# Data shown:
= Beginning of Section =
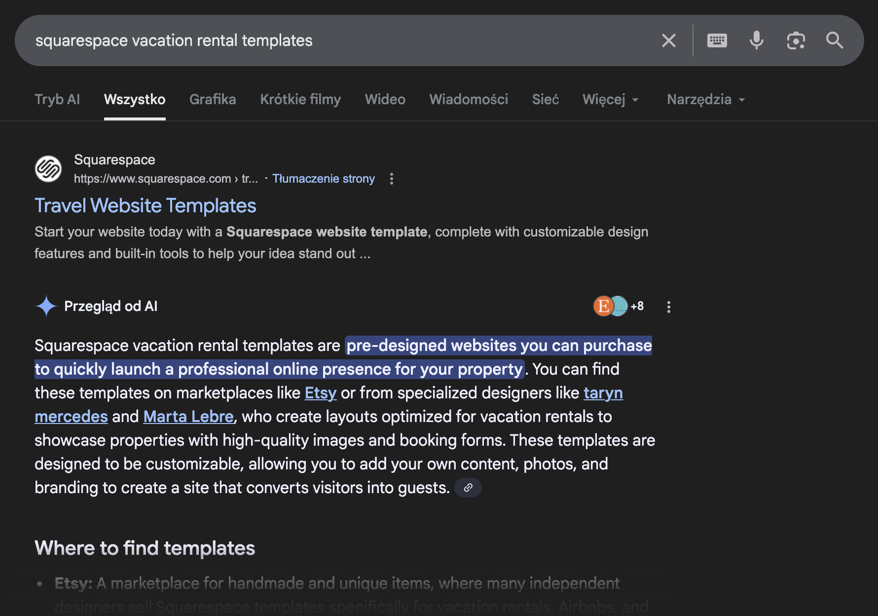 Google’s AI Overviews are changing how results appear. Squarespace sites can show up in those summaries—but only if your content is structured with clear headings, FAQ-style answers, and schema where possible. The lack of native schema customization is a drawback, but with some smart content strategy, Squarespace sites are still competitive.
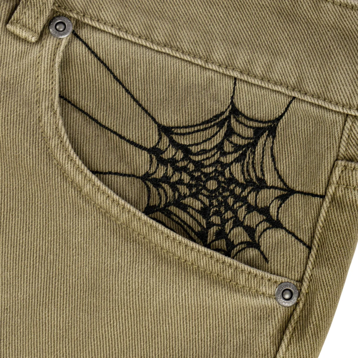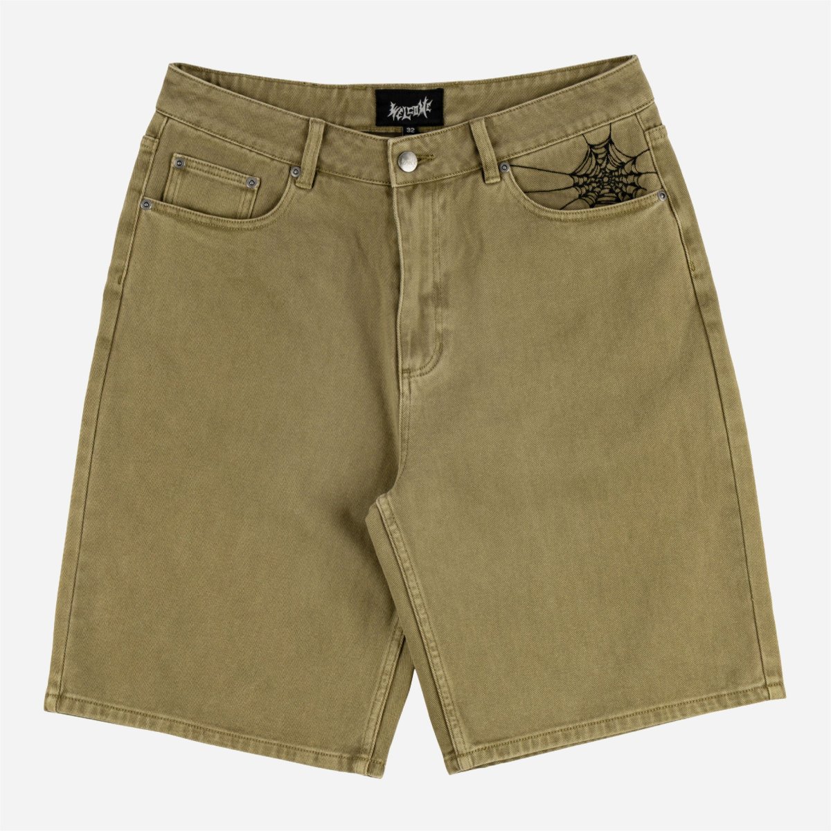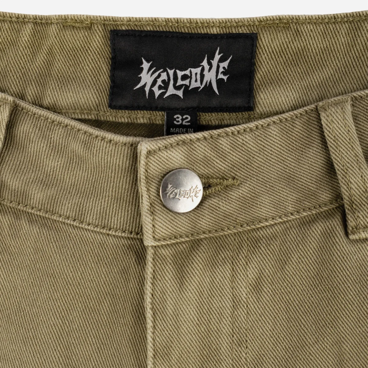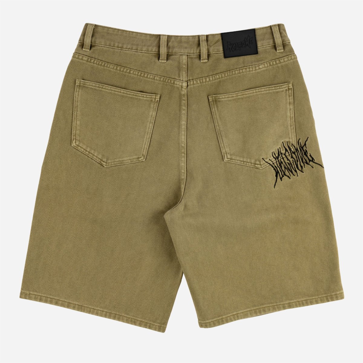 Short Welcome fabriqué toile de jean 14 onces. Coupe 5 poches, longue et ample arrivant au-dessous du genou. Bouton en nickel à la taille, rivets inversés avec logo en nickel sur les poches avant, broderie du logo Welcome sur le bas de la poche arrière droite, broderie en toile d’araignée sur la poche avant gauche et écusson en PVC du logo à la taille arrière droite.
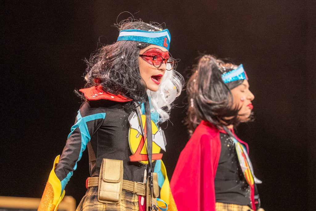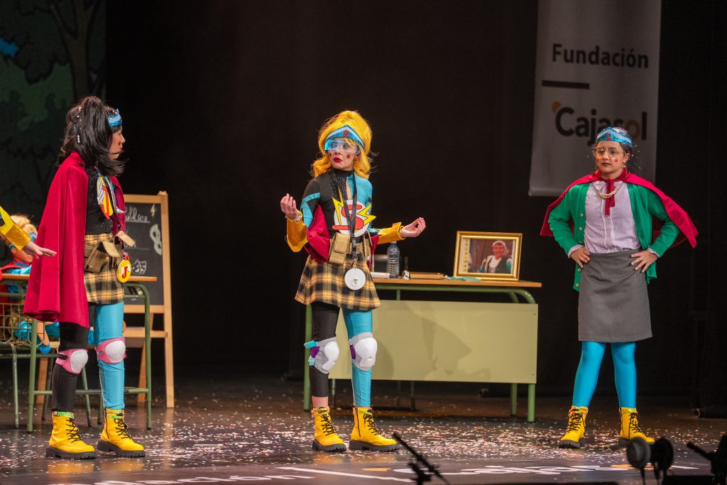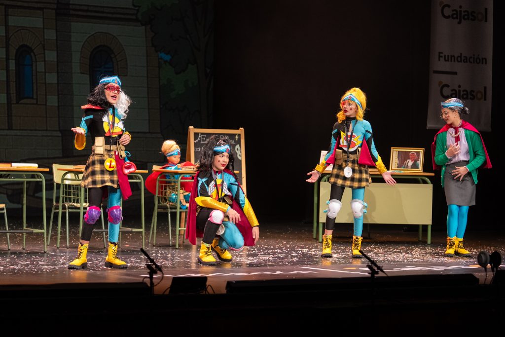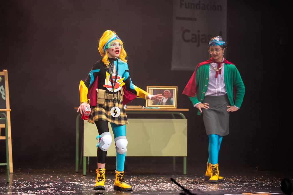 El telón descubrió un aula de diseño fantástico donde un grupo de superheroínas menores asiste a clase para aprender a controlar sus poderes. El punto de partida narrativo se expuso en la propia presentación: una “lluvia eléctrica” irrumpe en la playa de la Caleta y transforma a tres niñas aparentemente normales en heroínas con capacidades especiales. La puesta en escena articuló el discurso desde el humor, con guiños locales, lenguaje coloquial y un trabajo corporal bien dirigido.
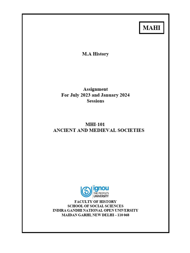 MHI-101: ANCIENT AND MEDIEVAL SOCIETIES
= End of Section =
When you reach the line containing "Short Welcome fabriqué" in the listing above, reproduce it and every line after it through the last, exactly; omit the pictures.

# Your response:
 Short Welcome fabriqué toile de jean 14 onces. Coupe 5 poches, longue et ample arrivant au-dessous du genou. Bouton en nickel à la taille, rivets inversés avec logo en nickel sur les poches avant, broderie du logo Welcome sur le bas de la poche arrière droite, broderie en toile d’araignée sur la poche avant gauche et écusson en PVC du logo à la taille arrière droite.
 El telón descubrió un aula de diseño fantástico donde un grupo de superheroínas menores asiste a clase para aprender a controlar sus poderes. El punto de partida narrativo se expuso en la propia presentación: una “lluvia eléctrica” irrumpe en la playa de la Caleta y transforma a tres niñas aparentemente normales en heroínas con capacidades especiales. La puesta en escena articuló el discurso desde el humor, con guiños locales, lenguaje coloquial y un trabajo corporal bien dirigido.
 MHI-101: ANCIENT AND MEDIEVAL SOCIETIES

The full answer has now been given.